宋司仁疼的嘴一歪,从床榻上弹了起来。见喜罗有些怒意,宋司仁叹了口气,问道:“你想让我怎么帮?”
“就知道你不会不管我。”喜罗缓下了怒意,露出了一丝微笑。道:“我已经计划好了。明日祭祀结束之后,假装黑衣人闯进了我们房中,随后将婳君劫走,再将她藏在城外。你说这个主意怎么样?”
“听起来可行。”宋司仁问道:“可是哪来的黑衣人?”
“所以我来找你啊!”
“我手上没兵。全部派遣到丁蒙身边做了祭祀护卫。”
“不需要麻烦别人。别人我也信不过,你身手那么好,不如......”喜罗贼兮兮的朝宋司仁身边靠了靠。

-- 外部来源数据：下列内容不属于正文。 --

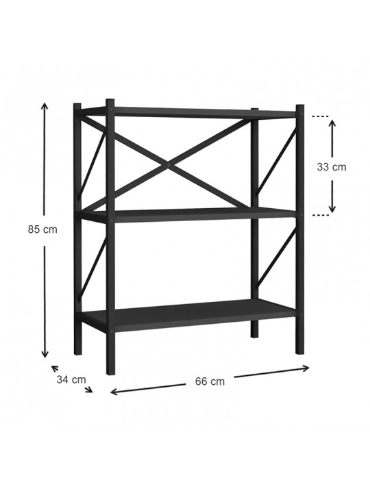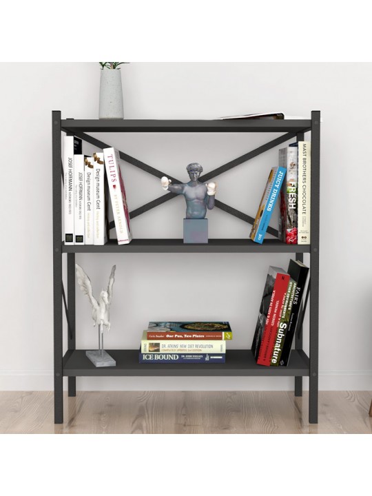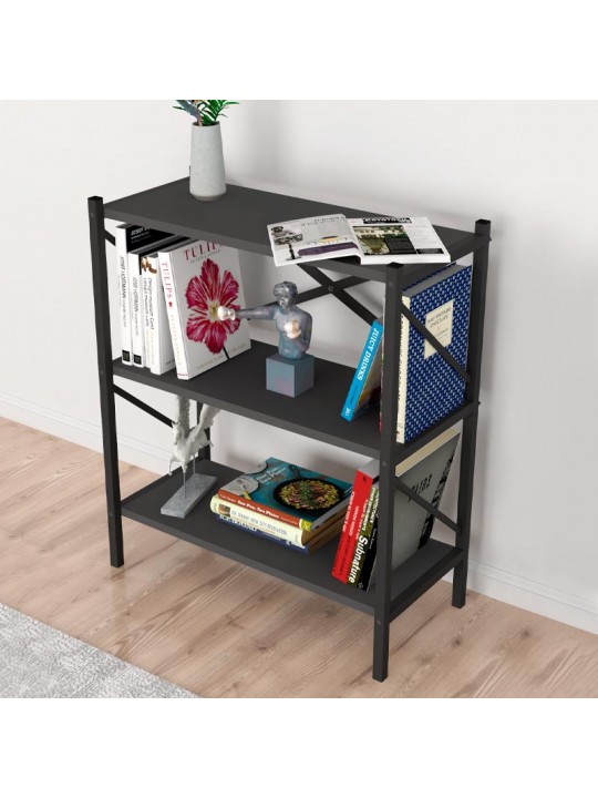Βιβλιοθήκη Jocasta Megapap μεταλλική - μελαμίνης χρώμα ανθρακί 66x34x85εκ.

“荒谬!”宋司仁慵懒的躺了下来,将被子朝身上一盖,侧过了身子脸朝向了床榻里侧,嘀咕道:“我堂堂汉国少伯主,怎做这种偷鸡摸狗离经叛道之事。”
“我就知道!”喜罗重重坐了下来,掩面抽泣了起来:“你往日说的那些都是骗人,对我好也都是假的。”听见喜罗哭的如此伤心,宋司仁有些慌。忙从床榻上跳了下来,疾步到喜罗面前,二话没说将她搂在怀里,抚着她的背:“行了行了。我去便是!”
喜罗忙将手从脸上移开,狐狸般笑了笑。宋司仁见脸上一滴泪渍没有,便知道又是中了她的计。于是又念叨了她几句,嘴上虽数落着,心里却喜不胜收。
祭祀大典,履蹈顺然,万事享通。
周昭王下令,明日举行祭宴。这是大周独辟蹊径之举,将祭品烹饪服用,寓意食得先祖剩余之物,以保年年有余,祥瑞之兆。
晚,渐冷。
按照几人的谋划,宋司仁已换上了一身黑衣,并让冬来穿上自己的衣服卧在床榻上假扮自己,必要之时掩人耳目。

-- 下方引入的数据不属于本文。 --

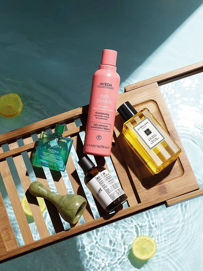 위부터 시계 방향으로_ Aveda 뉴트리플레니쉬™ 샴푸 라이트 모이스처 가벼운 질감으로 가늘고 건조한 모발에 수분과 영양을 공급한다. Jo Malone London 라임 바질 앤 만다린 배스 오일 천연 유연제를 함유해 피부를 진정시키고 수분을 공급한다. 향기로 공간을 채워 심신에 안정감을 준다. Le Labo 베이 19 마사지 앤 배스 퍼퓨밍 오일 묽은 포뮬러에 은은한 향을 담아 보디 피부에 부드럽게 롤링하기 쉽다. O.M 옥 괄사 음이온과 원적외선을 방출해 피부 톤 개선과 부기 완화에 도움을 주는 마사저. Rene Furterer 아스테라 프레쉬 두피 진정 세럼 페퍼민트 에센셜 오일이 열 오른 두피를 시원하게 케어하고 진정 작용과 함께 건조함으로 인한 가려움증을 완화한다.

喜罗和江婳君在屋中等候多时,只要宋司仁一旦闯入,两人象征式打斗几下,引起骚动惹得众人发觉,然后他顺势掳走江婳君,再交给在门外等候的丁蒙,连夜带着她快马加鞭离开华藏,日后再与戈肃达会面,便大功告成了。
谋无遗策,万无一失。喜罗心里盘算着,仿佛已尝到了胜利的甜头。
一盏茶的工夫,宋司仁果然破窗而入。一身黑衣,可面罩却已经划落在脖间,忘记了遮面。
宋司仁装腔作势,捏着嗓子变了声,只为引起别屋的注意,故意大叫:“别出声,跟我走。”
“脸脸!”喜罗瞪大了双眼,被宋司仁惊出了一身冷汗:“你怎么不管脸了!”宋司仁这才恍然大悟,忙将面罩戴好,遮住了脸。
喜罗一想,看守的甲士根本就不是宋司仁的对手,宋司仁从众侍卫眼前掳了江婳君逃走并不困难。便心里安稳了许多。于是慢悠悠将桌案上的茶具都推翻在地,故作挣扎打斗的响声,竭力喊道:“你是谁?别动婳夫人。有本事冲我来!你放开她!”
宋司仁憋着笑,见喜罗在那边神经兮兮演着戏,竟一时忘记掳走江婳君。
江婳君忙道:“少伯主,我们快走吧。”宋司仁这才回过神,一阵手忙脚乱,垂下头道:“得罪了。”随后双手一圈抱住了江婳君的腿,将她扛在了肩上。准备跳出窗去。
看守的甲士已经快要冲了进来,宋司仁嗖的一声拔开了手中的剑来装腔作势。喜罗想着做戏便要做足,决不能让大家怀疑到宋司仁,于是摊开手臂挡在了窗前,拦住了宋司仁的去路。